INPUT DATA:
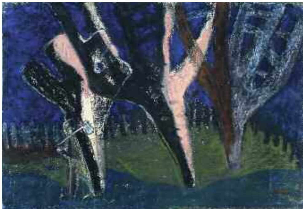
Zilahy György: Elhagyott kert öreg fái , 1960-as évek (pasztell) KDM
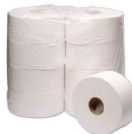
PAPEL HIGIÊNICO ROLÃO 8 ROLOS 300M BRANCO/CELULOSE/PREMIUM
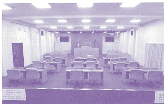
滑川市議会本会議場
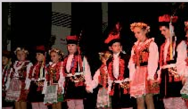
Na zdjęciu: zespół „Skrzaty” z Woźnik

W dalszej części Gali na scenie zaprezentowała swój repertuar Orkiestra Dęta z Gomulina. Na początek występu muzyki
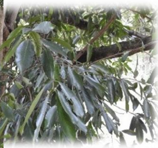
マテバシイ(ブナ科 常緑高木) 葉
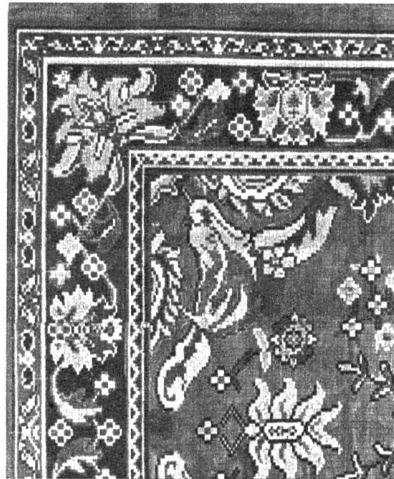
Jeder Orientteppich wird in tausende von winzigen Quadraten aufgeteilt, ehe er für die Industrie „kopiert“ wird. Für die Zeichnung und Kolorierung seines Entwurfes, der stets etwas vereinfacht, braucht der Kolorist Monate

Die Nachahmung in Technik, Farbgebung und Motiv der berühmten orientalischen Teppiche ist seit vielen Jahrzehnten von der Industrie vermehrt worden. Diese Teppiche sind meist nicht gewoben, sondern geknüpft, handgeknüpft. Gerade die Anstrengungen der Schweiz sind in dieser Hinsicht bemerkenswert, besitzen wir doch hier eine europäisch anerkannte Fabrik, die diese Knüpftechnik, in etwas vereinfachtem Masse (was zum Beispiel dadurch erreicht wird, dass auf ein cm 2 Grundmuster statt 24 nur 8 Knoten eingefügt sind, so dass bei gleichbleibendem Muster technische Erleichterungen möglich sind), in vorzüglicher Qualität, Material und Farbgebung anfertigt. Der Orientteppichzeichner muss nicht nur ein guter, zuverlässiger und farblich routinierter Künstler seines Faches sein, sondern vor allem auch Webachmann, der weiss, was sich industriell auswerten lässt und was nicht. Wir haben Herrn Keller, einen Aus-

WHAT TO WORK ON:
Look above for the line with "W dalszej części" and the line with "マテバシイ(ブナ科 常緑高木) 葉"; set down those two lines and all lines between them exactly, without pictures and without anything else.

WRITTEN SOLUTION:
W dalszej części Gali na scenie zaprezentowała swój repertuar Orkiestra Dęta z Gomulina. Na początek występu muzyki
マテバシイ(ブナ科 常緑高木) 葉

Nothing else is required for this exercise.